It could be the fact that the economic downturn is forcing financial firms to slash costs anywhere possible or that "Green IT" essentially equals "more green in your pocket," but datacenters seem to be getting quite a lot of focus lately.
As I wrote in a post earlier this year, datacenters are becoming the new differentiator for those firms that have them. Capital markets firms and facility vendors are touting their "crown jewels" and reaping all kinds of savings and rewards from their infrastructure investments.
What’s left to do but to organize? The Data Center Pulse (DCP), which was formed late last year, has just clocked its 1,000th member. The DCP community now reaches into 45 countries and more than 600 companies.
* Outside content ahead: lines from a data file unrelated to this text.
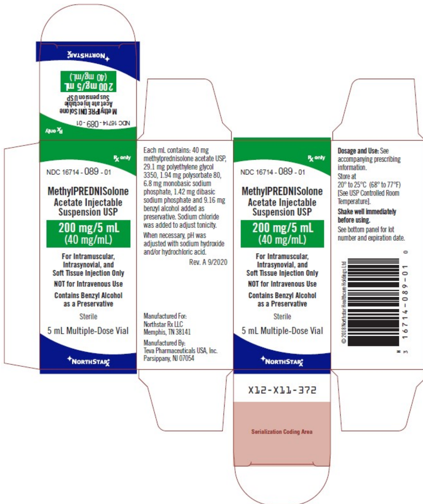
Package/Label Display Panel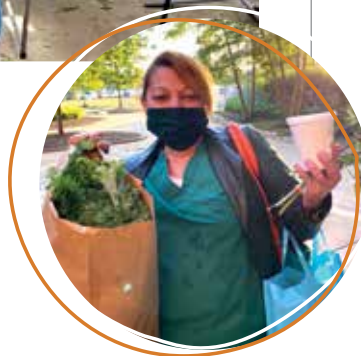
Right: Health care staff picking up farm produce and flowers during change of shift.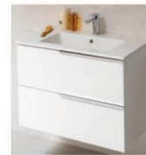
Mueble Marne N 80 Lavabo cerámico Marne N 81 cm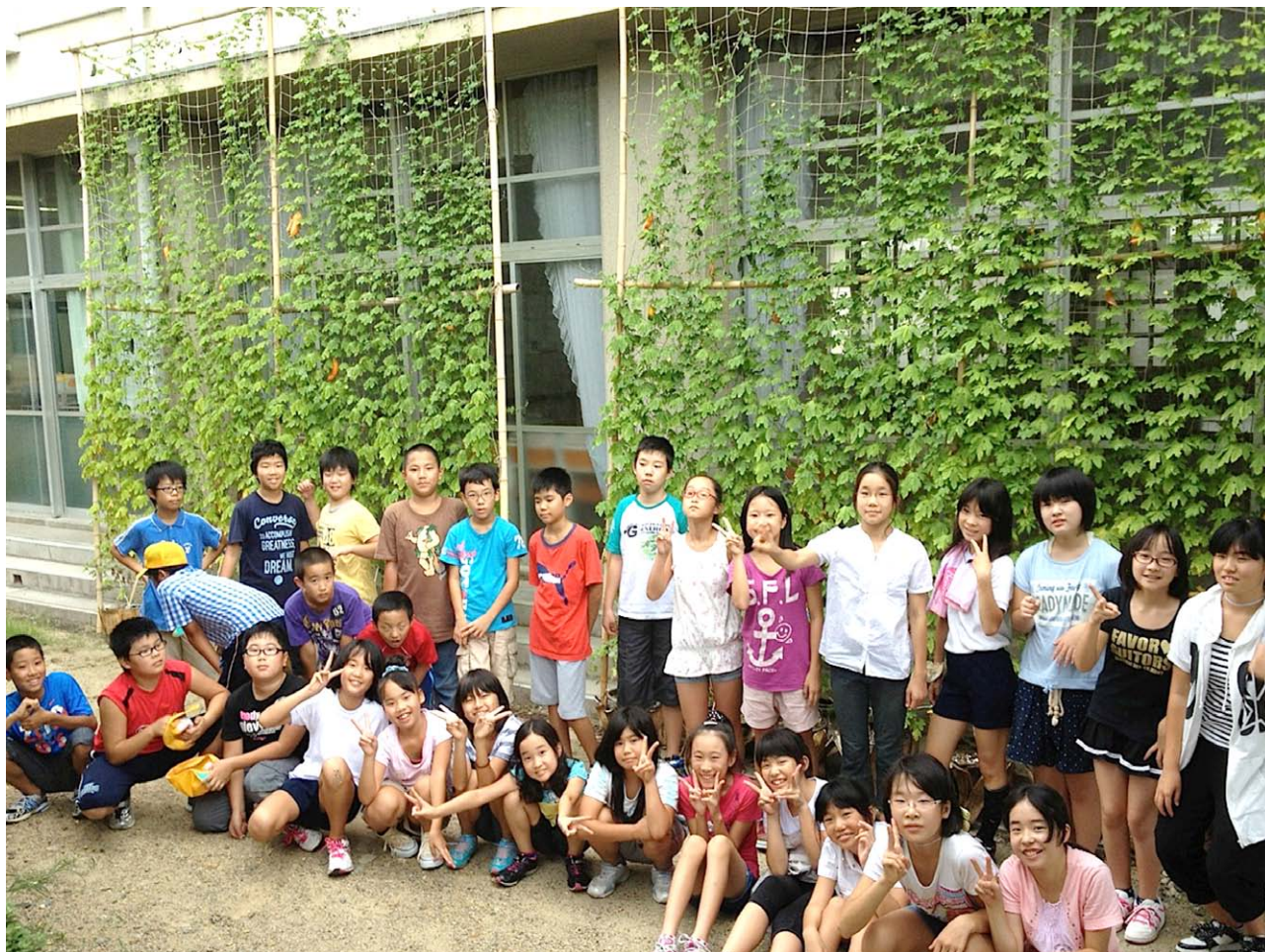
Title Goya Curtain with Bamboo and Hemp – Connecting People and the Community Name PTA, Koyo Elementary School in Muko City (Kyoto Prefecture)

The organization’s goal is to create a place where “datacenter industry operators could gather to share ideas on best practices and ultimately influence the industry.” It sounds like a good place for the smaller firms to come and learn what they can do to even the playing field with some of the larger broker-dealers and datacenter providers.
Not to be left out in the cold, the government has just set up its own Save Energy Now program geared at “developing training certificate programs for datacenter end-users that will focus on datacenter energy efficiency.” Set up by the U.S. Department of Energy, the program aims to reduce energy use in the U.S. facilities by 10 percent by 2011. Sounds like a hefty target for some, but for the capital markets firms that are looking to save on power and cooling costs, this might seem like a small goal.